Phase 1a/1b Study of STK-012 Monotherapy and in Combination With Pembrolizumab in Patients With Solid Tumors
Purpose
This is a first-in-human, phase 1a/1b, multicenter, open-label, dose escalation study of STK-012 as monotherapy and in combination with pembrolizumab in patients with selected advanced solid tumors.
Conditions
- Advanced Solid Tumor
- Non Small Cell Lung Cancer
- Head and Neck Squamous Cell Carcinoma
- Malignant Melanoma
- Renal Cell Carcinoma
- Cervical Cancer
- Microsatellite Instability High
- Gastric Cancer
- GastroEsophageal Cancer
- Urothelial Carcinoma
- Mismatch Repair Deficiency
Eligibility
- Eligible Ages
- Over 18 Years
- Eligible Genders
- All
- Accepts Healthy Volunteers
- No
Inclusion Criteria
- Patients must have selected tumor types and must have progressed after standard of care treatment, or be intolerant to treatment, or refused standard treatment. 2. Patients must be amenable to a fresh tissue biopsy, unless medically contraindicated. 3. Patients with central nervous system (CNS) metastases must have been treated and be asymptomatic.
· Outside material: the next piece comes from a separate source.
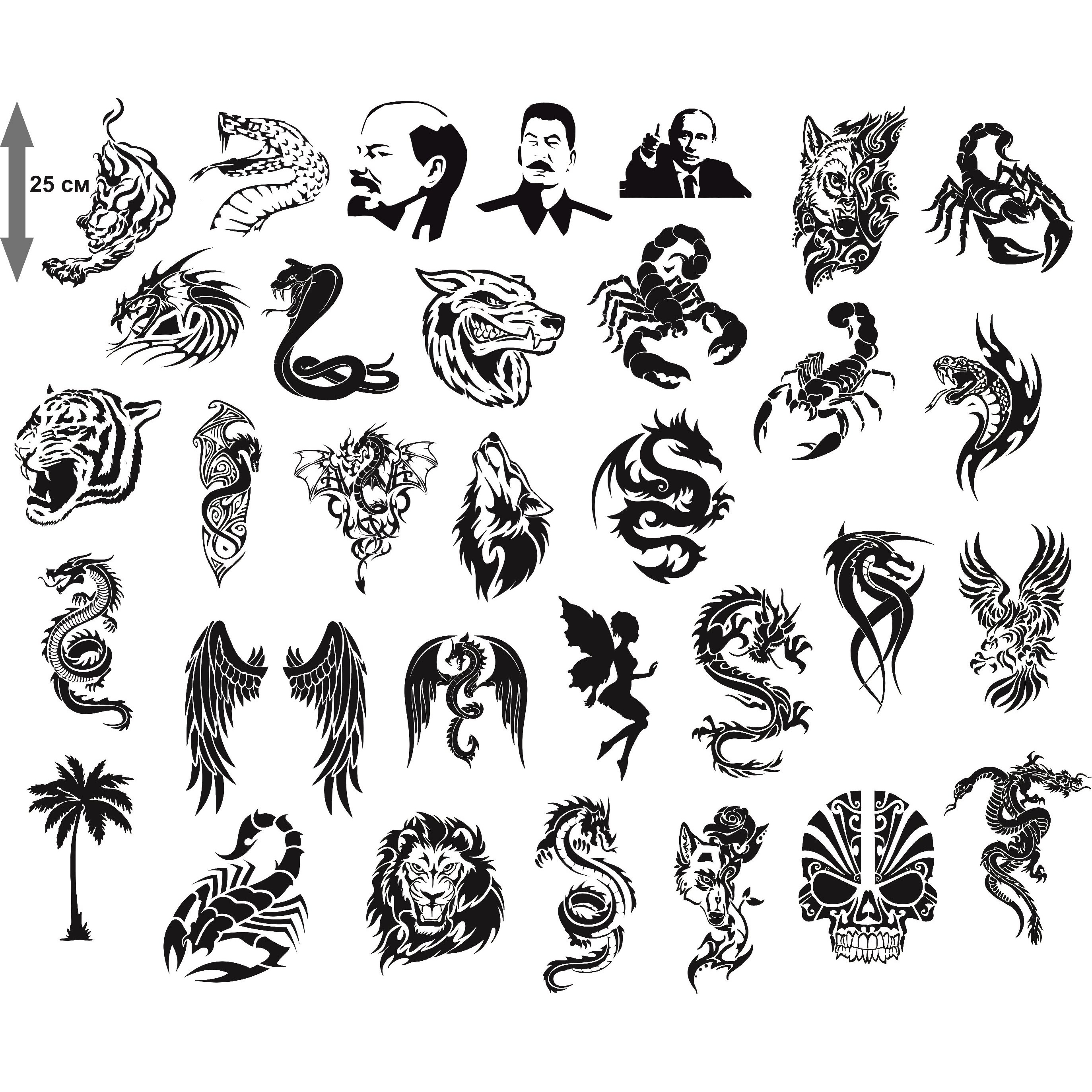 Состоит из 33 рисунков огромного размера (от 25 см до 27 см) популярых для данного размера тематик: змеи, дракны, головы животных, скормионы, феи, кобры, Ленин, Путин.

Selected
Exclusion Criteria
- Received systemic anti-cancer therapy within 3 weeks of the first dose of study treatment or small molecule kinase inhibitors within 6 elimination half-lives of the first dose of study treatment. 2. Received radiotherapy within 2 weeks of the first dose of study treatment. 3. Received prior IL-2-based or IL-15-based cytokine therapy.
Study Design
- Phase
- Phase 1
- Study Type
- Interventional
- Allocation
- Non-Randomized
- Intervention Model
- Sequential Assignment
- Primary Purpose
- Treatment
- Masking
- None (Open Label)
Arm Groups
Arm | Description | Assigned Intervention |
---|---|---|
Experimental Part A: STK-012 weekly (QW) monotherapy dose escalation |
STK-012 will be administered in sequential ascending doses as monotherapy subcutaneously (SC) QW until unacceptable toxicity, disease progression, or withdrawal of consent. |
|
Experimental Part B: STK-012 every three weeks (Q3W) monotherapy dose escalation |
STK-012 will be administered in sequential ascending doses as monotherapy SC Q3W until unacceptable toxicity, disease progression, or withdrawal of consent. |
|
Experimental Part C: STK-012 Q3W + pembrolizumab dose escalation |
STK-012 will be administered in sequential ascending doses SC Q3W in combination with a fixed dose of pembrolizumab intravenously (IV) Q3W until unacceptable toxicity, disease progression, or withdrawal of consent. |
|
Experimental Part D: Dose expansions |
STK-012 will be administered at the RP2D SC as monotherapy and in combination with a fixed dose of pembrolizumab IV Q3W until unacceptable toxicity, disease progression, or withdrawal of consent. |
|
Recruiting Locations
Massachusetts General Hospital
Boston, Massachusetts 02114
Boston, Massachusetts 02114
More Details
- Status
- Recruiting
- Sponsor
- Synthekine
Detailed Description
The phase 1a portion of the study is standard 3+3 dose escalation design to evaluate STK-012 as monotherapy and in combination with pembrolizumab in patients with selected solid tumors who have progressed after standard of care treatments. The phase 1b portion of the study includes dose expansions to evaluate STK-012 as monotherapy and in combination with pembrolizumab at the candidate recommended phase 2 dose (RP2D) in selected solid tumor types.